Потому что лопается второй воздушный шарик и на стенке позади старушки вновь возникают брызги крови, а сама она, уже мертвая, замирает на секунду, прежде чем рухнуть на пол кабины.
Во мне тут же возникает знакомый импульс, но брюнетка плотнее прижимает дуло к моему лбу и бесстрастно командует:
– Вытряхайся! И не вздумай дергаться!..
Я и не думаю.
Мы покидаем лифт, оставив в нем труп Герты, и идем к двери.
Возле подъезда стоит фургончик «Скорой помощи», возле которого беззаботно курит тип – тоже в белом комбинезоне. Увидев нас, он щелчком отбрасывает в сторону окурок и откидывает заднюю дверцу фургона.
Так глупо попасться на удочку!.. Ведь, кажется, все было продумано: сопровождение Ригерта, фургон с обезовцами в засаде… Но стоило противнику сделать нестандартный ход – и мы оказались… ясно, в каком месте…
Кстати, а где Ригерт? Где этот молчун с его стальными мускулами, штатным парализатором и связью с фургоном? Неужели он заснул и прозевал приезд «Скорой помощи»?
Видимо, даже если и не прозевал, то не усмотрел ничего подозрительного в том, что кто то вызвал врачей среди ночи. Может быть, даже опросил моих конвоирш, к кому и зачем они приехали. Девушки, разумеется, сказали правду, и Ригерт успокоился, потому что ему нет никакого дела до какой то старушки, которой стало плохо…
Он же не знал, что люди Дюпона тщательно подготовили эту операцию именно таким образом, чтобы не вызвать подозрений у моих «телохранителей». Заранее отследили, как ОБЕЗ меня опекает, и убедились, что я провожу ночь один в своей квартире. После этого им оставалось только подыскать кандидатуру на роль крючка, на который я бы клюнул. И нашли – причем не одного кандидата, а сразу двоих… Значит, и фатальная «драка между бабульками» тоже была инсценирована. Только они не стали убивать обеих. По их сценарию, кому то из старушек должна была потребоваться срочная медицинская помощь. А уж подключить телефон к своей линии – дело техники… Расчетливые, сволочи!
– В машину! – приказывает вполголоса брюнетка, тыча мне в затылок пистолетом. – Пошевеливайся!
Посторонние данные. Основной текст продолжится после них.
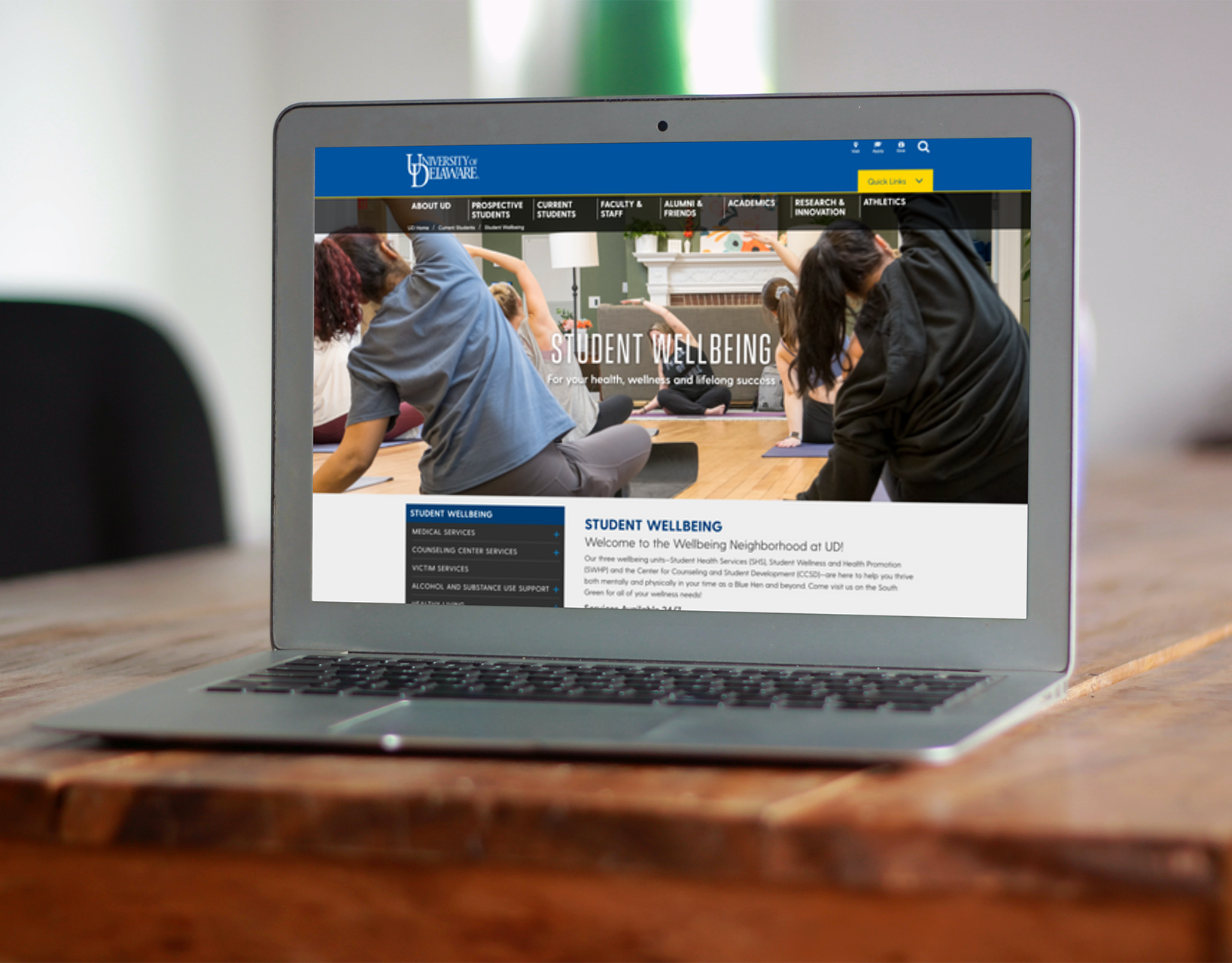 The Student Life Web and UX team took oversight of the UD Current Students page in February 2024, completely overhauling the layout and design, and rebranding it as "Blue Hen Life." The page encompasses Student Life as a broader concept, beyond the Divisional organization. It includes resources and services from across campus to help students succeed in their co-curricular life as a University of Delaware student.
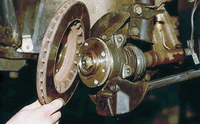 Сами тормоза с годами претерпели также существенные улучшения. Несколько десятилетий тому назад широко использовались тормоза барабанного типа, и они до сих пор используются на задних колесах у многих автомобилей. Данные тормоза используют в работе узел в виде барабана, который вращается вместе с колесом. Внутри барабана <башмаки> вместе с заменяемым фрикционным материалом прижимаются с силой к барабану, когда Вы нажимаете на педаль тормоза. Тормоза барабанного типа работают неплохо. Однако при этом образуется сильное тепло, которого достаточно, чтобы снизить эффективность торможения, если Вы делаете это слишком резко. Снижение эффективности тормозов происходит тогда, когда имеется резкое перегревание тормозов. Мощность торможения сильно падает, и тормозные детали и колодки могут выйти из строя.
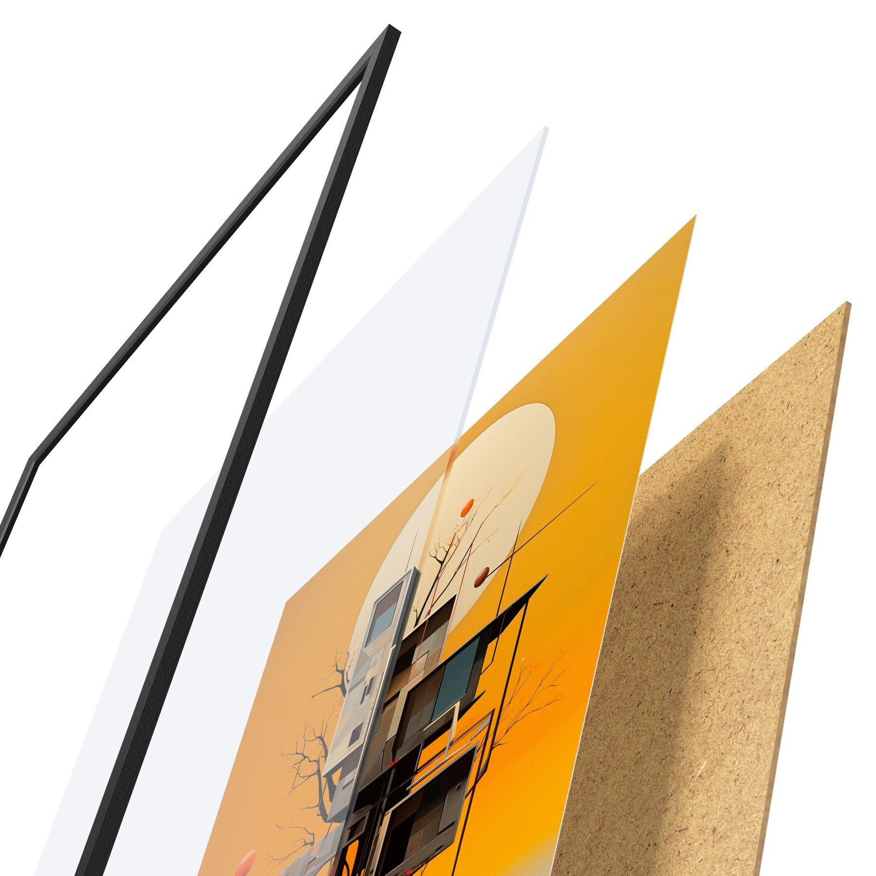El póster consta de marco, plexiglás, imagen impresa y soporte de aglomerado. El póster puede colgarse inmediatamente en la pared gracias a los soportes de la parte posterior.
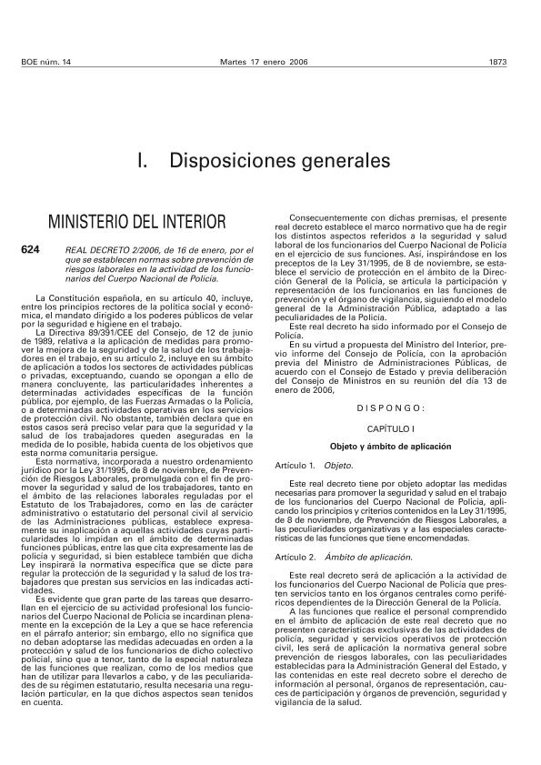Real Decreto 2/2006, de 16 de enero, por el que se establecen normas sobre prevención de riesgos...
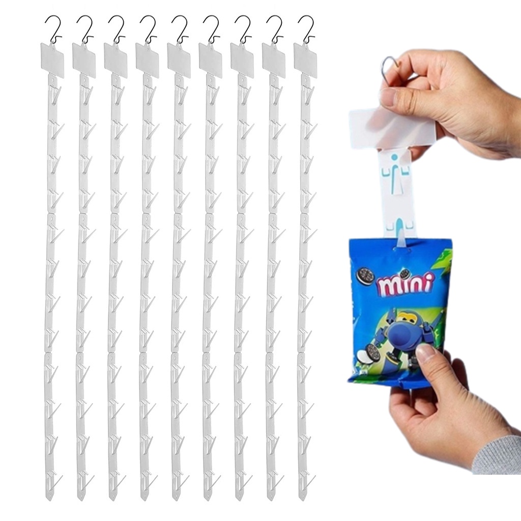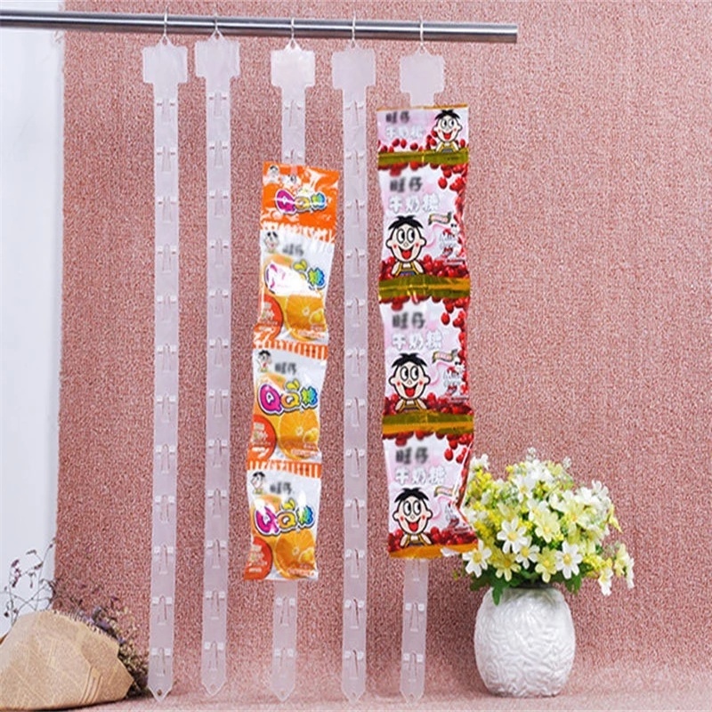 Plastic Merchandise Clear Display Hooks Strips Transparent Snack Hanging Clips Supermarket Commodity Storage Strip
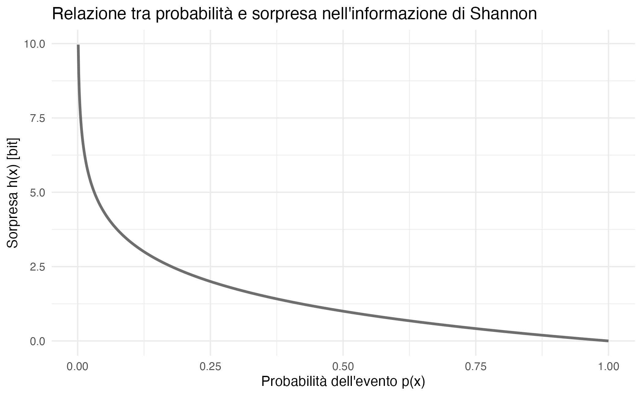 Questi valori mostrano come l’osservazione di un evento raro comporti un “salto informativo” molto più ampio rispetto all’osservazione di un evento comune. In termini predittivi, un evento improbabile induce una revisione più marcata delle nostre aspettative, mentre un evento frequente conferma in larga misura ciò che già ci attendevamo.
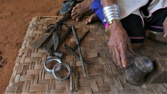 Sie zeigt uns dann, wie sie Schmuck herstellt. Armreifen und Halsreifen aus Aluminium und Messing
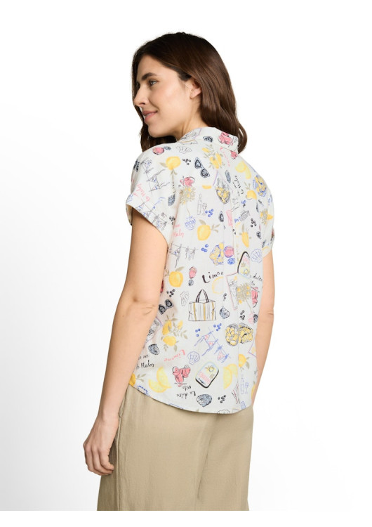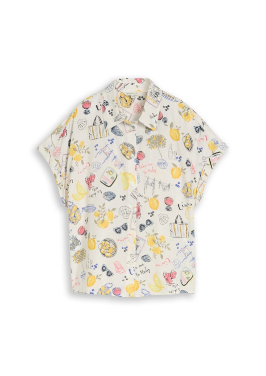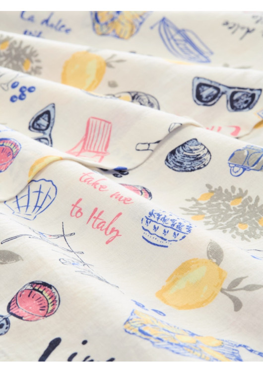 Hlavním designovým detailem je vtipný a detailní potisk, který oslavuje „la dolce vita“. Je to kousek stvořený pro ženu, která miluje léto a hledá kvalitu přírodních materiálů – len zajišťuje prodyšnost, zatímco viskóza dodává látce potřebnou jemnost a snižuje její mačkavost. Košile, která v sobě nese esenci slunného odpoledne, ať už ji vezmete na pláž nebo na kávu do centra města.
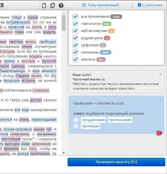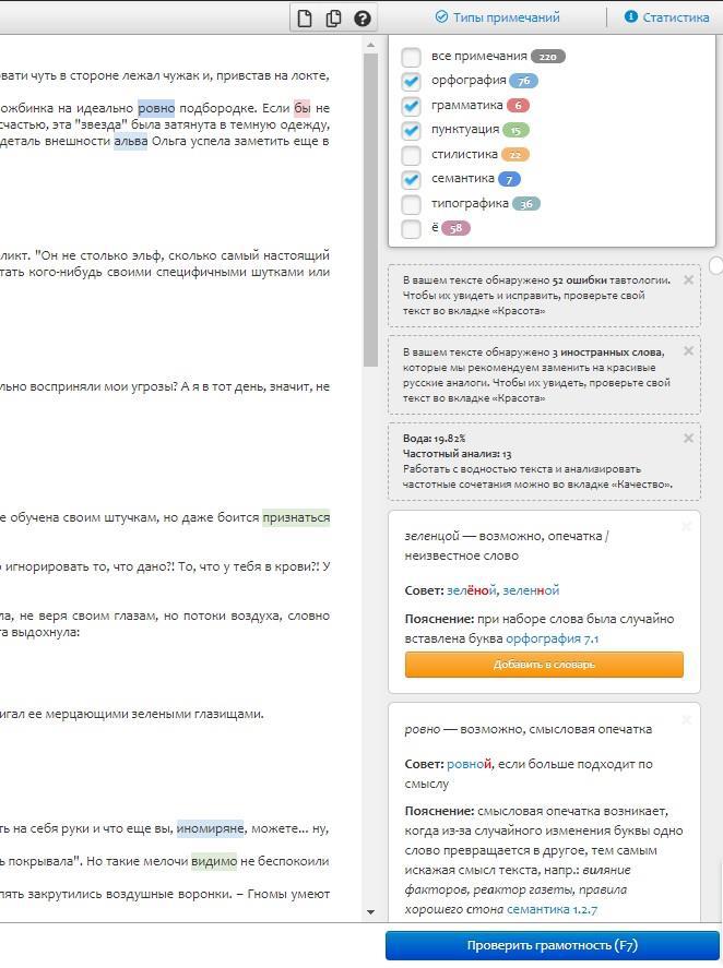 Конечно, это далеко не профессиональная вычитка текста, но многие некрасивости, шероховатости и просто невнимательные ошибки тут вычищаются. Поэтому очень рекомендую пользоваться данным сервисом сетевым авторам
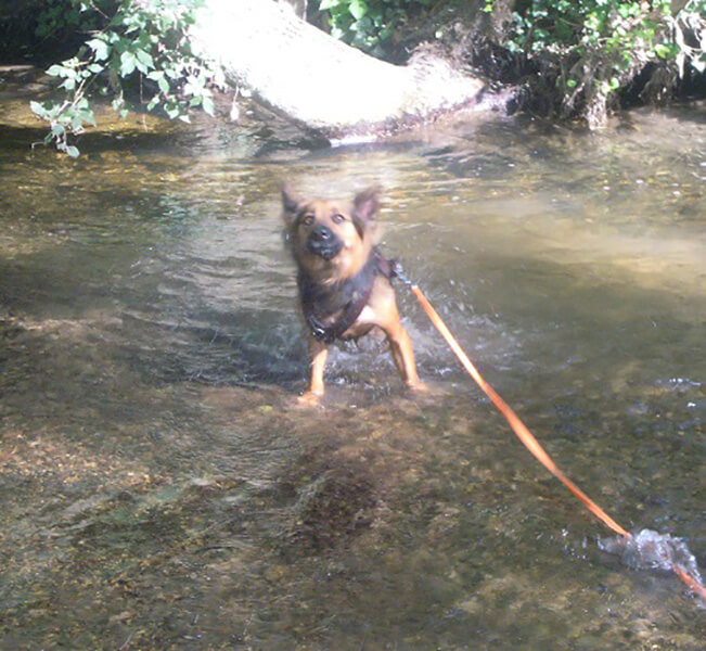 Zuerst mal ein ordentliches Erfrischen im Bach – das ist voll lustig, da kann ich mich so richtig austoben.
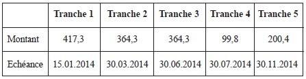 Article 2 p.28Modification du point 1.3 de la convention Au premier alinéa du point 1.3 de la convention: - les termes: «1.328,1 M €» sont remplacés par les termes: «1.446,1 M €»; - les termes: «loi de finances pour 2014» sont remplacés par les termes: «la loi n°2013-1278 du 29 décembre 2013 telle que modifiée par la loi de finances rectificative pour 2014». Le tableau 1 est remplacé par le tableau suivant: Au troisième alinéa, les termes: «1, 2 et 3» sont remplacés par les termes: «1, 2, 3 et 4». Au dernier alinéa, les termes: «tranche 4» sont remplacés par les termes: «tranche 5». Article 3 Modification du point 2.3 de la convention Au quatrième alinéa du point 2.3, second tiret, les termes: «tranche 4» sont remplacés par les termes «tranche 5». Article 4 Modification du point 3.1 de la convention Dans le tableau n° 2 de la convention, les termes: «1.328.100.000» sont remplacés par les termes: «1.446.100.000». Article 5 Modification de l’article 5 de la convention À l’article 5, les termes: «tranches 1 à 3» sont remplacés par les termes: «tranches 1 à 4» et les termes: «(tranche 4)» sont remplacés par les termes: «(tranche 5)». Article 6 Entrée en vigueur de l’avenant Toutes les autres dispositions de la convention demeurent inchangées. L’avenant entre en vigueur le jour de sa publication au Journal officiel de la République française. Il demeure en vigueur jusqu’au terme de la convention. Fait à Paris, le 30 juillet 2014, en trois exemplaires. Pour l’Etat: Le Premier ministre, Pour le Premier ministre et par délégation: Le commissaire général adjoint, T. Francq Le ministre de la défense, Jean-Yves Le Drian Pour le Commissariat à l’énergie atomique et aux énergies alternatives: L’administrateur général, Bernard Bigot |
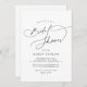 Estas elegantes invitaciones a la ducha de novias son perfectas para una simple ducha de boda. El moderno diseño minimalista presenta una caligrafía romántica blanca y negra intemporal con un estilo bohemio de cuento de hadas.
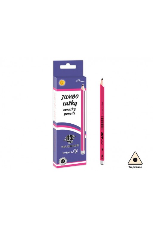 Trojhranná, grafitová ceruzka Jumbo JG001T tvrdosť č.3 (2H). Ceruzky majú veľmi dobré držanie vďaka ergonomickému trojhrannému dizajnu. Väčší priemer ceruzky zaručuje pohodlné uchopenie aj menším deťom. Na výrobu bolo použité vysoko kvalitné drevo, preto sa dajú bez problémov strúhať. Tuhy v týchto ceruzkách sú pevne spojené s drevom, aby sa nelámali. Dĺžka ceruzky: 175 mm. Priemer tuhy: 4 mm. Šírka ceruzky: 10 mm
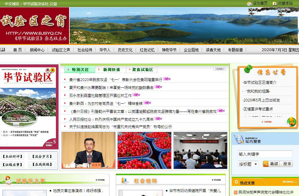 | 网站简介: 《试验区之窗》是由《毕节试验区》杂志社主办的一家综合性、地区性新闻网站,以全方位、深层次报道“毕节地区开发扶贫、生态建设试验区”为己任。网站设有新闻中心、试验区之声、社会经纬、明星村镇、毕节人、历史文化、红色记忆、神奇毕节、企业园地等栏目。通过对毕节试验区建设及发展进行动态报道,展示试验区建设的成就,为广大网民读都提供关于毕节试验区的详细信息及资料。 |

Водитель широко ухмыляется и еще шире распахивает передо мной заднюю дверцу.
– Тихо! – вдруг говорит не то мне, не то своей напарнице рыженькая Лена. – Рита, справа!..
Краем глаза я вижу справа чей то силуэт.
Ригерт. Легок на помине. Идет к нам от машины. Правая рука в кармане – молодец, хоть это не забыл…
Только он, кажется, еще не врубился, что происходит. Наверное, не видел пистолета в руке брюнетки. Поэтому не усматривает ничего страшного в том, что я вышел из подъезда среди ночи в сопровождении двух смазливых медичек. Может, даже думает, что меня среди ночи потянуло на шашни.
Его надо предупредить. В конце концов, меня все равно убьют. Не сейчас, так позже. Возможно, даже более мучительной смертью. Так чего же я боюсь?
Я открываю рот, чтобы крикнуть: «Это ОНИ, Ригерт! Атас!» – но запаздываю на какую то наносекунду.
Пистолет в руке брюнетки издает неприличное чмоканье – на улице выстрел через глушитель звучит совсем не так, как в тесной коробке лифта, – потом еще раз и еще, и обезовец приземляется на асфальт уже мертвым. Три пули в грудь с близкого расстояния – слишком много даже для его могучей комплекции.
Пока ствол, воняющий порохом, не вернулся в исходное положение к моему затылку, у меня есть шанс не стать бараном, покорно ожидающим, когда его зарежут. И я его использую.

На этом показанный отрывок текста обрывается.